# priceing on factory,



## tnyblgn3 (Nov 17, 2008)

have this factory that I'm charging 80 per hour and so far its taken me about 2.5 hours with maneuvering between trucks and cleaning truck docks as well as snow blowing store front. so average plow of 1-3 inches 2.5 hours. However I have the customer complaining that its costing to much, it shouldn't take 2.5hours (after explaining my pricing) ect. so I need some advice if I am charging to much, and if it is taking to long how should i go about plowing it a better way? Thanks


----------



## fairrpe86 (Nov 22, 2009)

Where does the snow have to be put and are all of those trucks typically on site when you are plowing?


----------



## Burkartsplow (Nov 1, 2007)

Did he sign a contract with those hourly rates and terms. If he did just tell him that is how long it takes to do the job correctly. You don't need to justify your pricing to any client. You give them a price to do the work and if they accept that price, they sign the contract and you fulfill your end of the agreement by doing the work in the most professional and efficient means possible. Plus he is getting all that done and the sidewalks for around $200. That is a great deal for him being in the Chicago area IMO. Good Luck on this one.


----------



## JohnnyRoyale (Jun 18, 2006)

You could tell him you can save some time and him some money if he fired the ****** that parks the trucks.


----------



## snocrete (Feb 28, 2009)

Burkartsplow;922474 said:


> Did he sign a contract with those hourly rates and terms. If he did just tell him that is how long it takes to do the job correctly. You don't need to justify your pricing to any client. You give them a price to do the work and if they accept that price, they sign the contract and you fulfill your end of the agreement by doing the work in the most professional and efficient means possible. Plus he is getting all that done and the sidewalks for around $200. That is a great deal for him being in the Chicago area IMO. Good Luck on this one.

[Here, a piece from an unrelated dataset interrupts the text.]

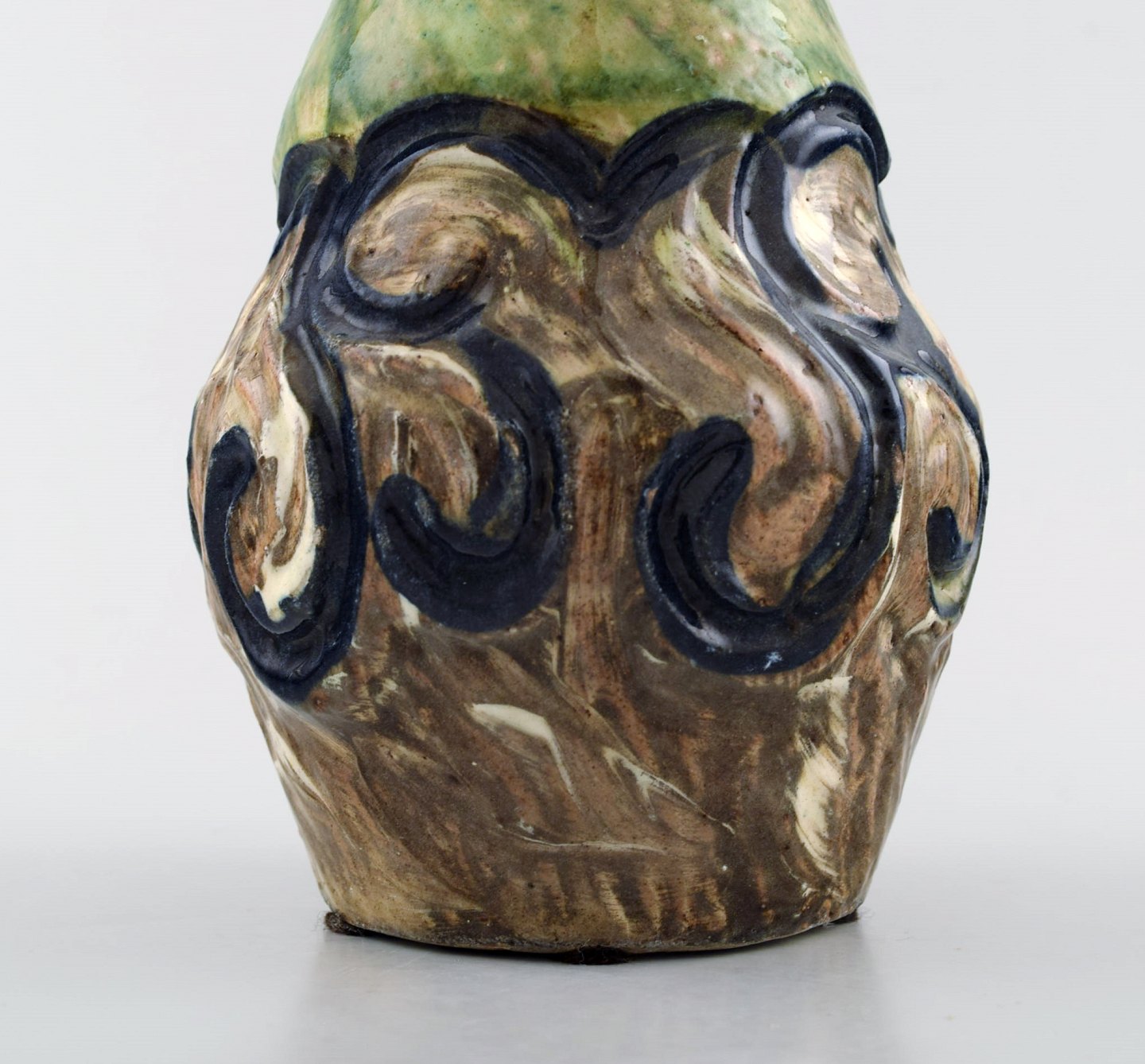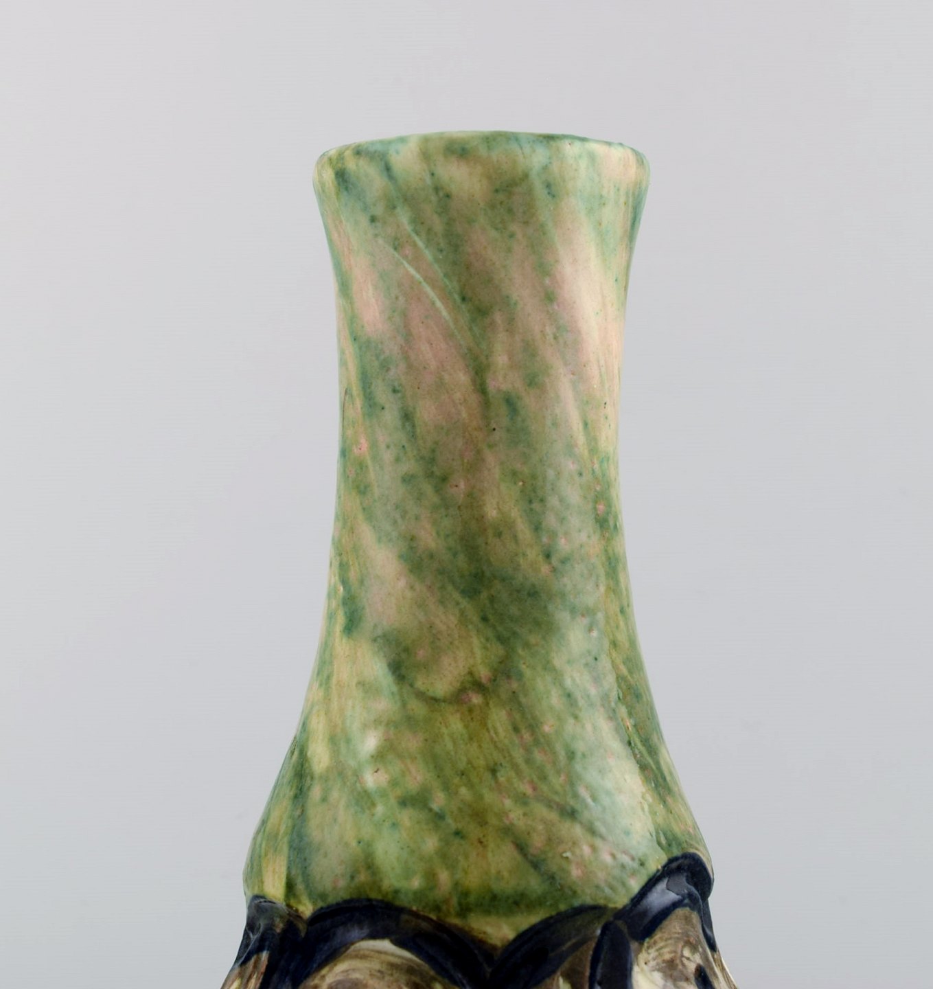 Møller & Bøgely, skønvirke stor keramikvase af glaseret keramik. Ca. 1920. Stort dansk privatsamling af Møller & Bøgely keramik på lager. Måler : 22 cm. x 10,5 cm. I perfekt stand.
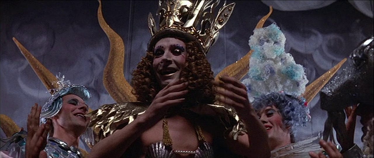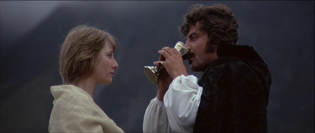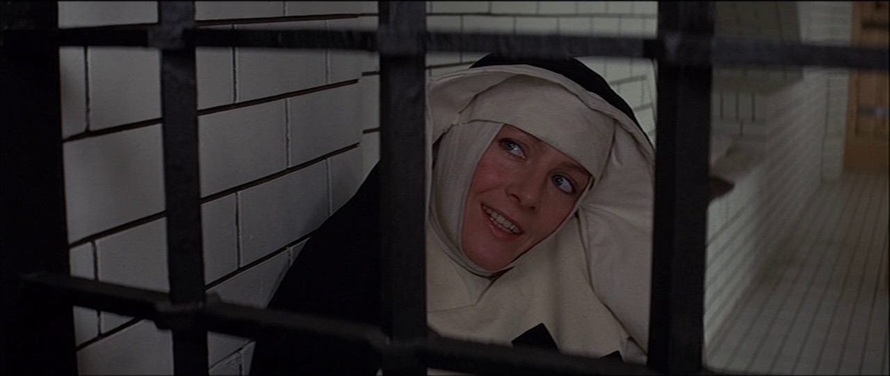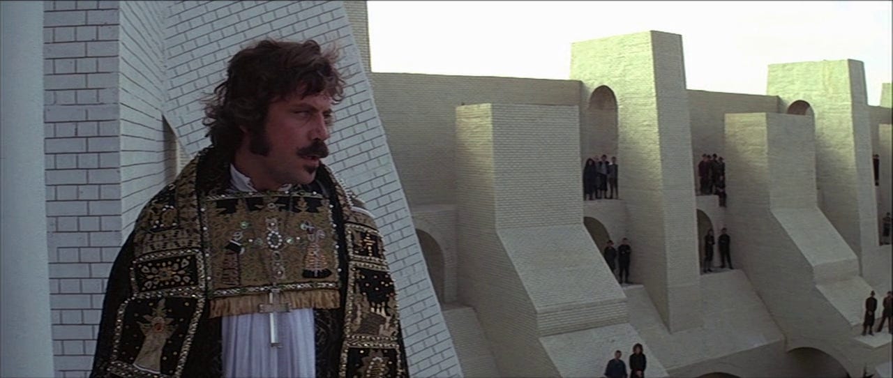 While the majority of flesh on screen is (depressingly inevitably) female, this is the rare film where a man is the explicit object of lust. Film stars are almost always implicitly lust objects (except when they’re pulling a Funny Face and playing on their ability to hide their light), but it’s rare that this bubbles up beyond subtext, especially about a man. On first watch, it was a revelation to me to see Reed, a man I remembered only in end stage dissolution or via outlandish talk show appearances, justify his place as the gravitational centre of this vortex of lust. Like knowing Orson Welles only through Paul Masson commercials and then catching Citizen Kane, it was a singular experience. Of course, Reed needs to be devastatingly attractive: he’s an unrepentant fuckboi, and only with liberal application of sex appeal does it feel justifable for women to knowingly crash themselves against the rocks of society’s mores to lie among his voluminous chest hair. Although Grandier leaves at least three women in the lurch, he is not repentant or unresolved about his desires, and the film stands with him. On the stand, facing capital punishment, he states his position: ‘I have been a man. I have enjoyed women. I have enjoyed power.’ The modern softboi post-factum justifies his philandering with arguments against monogamy as an outmoded tool of heteropatriarchal conditioning. Similarly, Grandier’s sophistry lets him justify living the priestly life while also enjoying the sins of the flesh. His common-law wife questions his thinking: ‘St Paul says that he who marries does a good thing, but he who remains chaste does something better.’ He flits out of the yoke, responding, ‘Then I am content merely to do a good thing and leave the best to those that can face it.’

I agree 100%...stand your ground....your giving them a good/fair deal



JohnnyRoyale;922512 said:


> You could tell him you can save some time and him some money if he fired the ****** that parks the trucks.


hehe


----------



## iceyman (Mar 1, 2007)

dont work for less than 80 an hour....and give hime a per push price of like 300.... then see what he says


----------



## grandview (Oct 9, 2005)

Tell if he wants hours cut ,no sidewalks.


----------



## augerandblade (Jan 17, 2009)

The customer before he complained should of got up early and watched your firm plow off the site. He could then see for himself that the scope of work was done and the machines where moving at a safe productive speed. Perhaps then he wouldnt of even complained. Half the problem is they dont really know, what is involved in removing the snow .


----------



## tnyblgn3 (Nov 17, 2008)

*Yes*

Yeah those trucks are not in the front part but are on that side/back part. I tried to speed it up today got it done in about 2 hours but it looks like crap. I don't know what I'm going to do with this guy. First plow guy I guess stop plowing him and he called me and it was a spur moment verbal contract type deal, I am going to present him with a contract with my terms and condition after xmas though. Thanks for your help guys Merry Christmas !


----------



## tnyblgn3 (Nov 17, 2008)

iceyman;922631 said:


> dont work for less than 80 an hour....and give hime a per push price of like 300.... then see what he says


Is best way to clean truck docks is to first back drag then back up and front push?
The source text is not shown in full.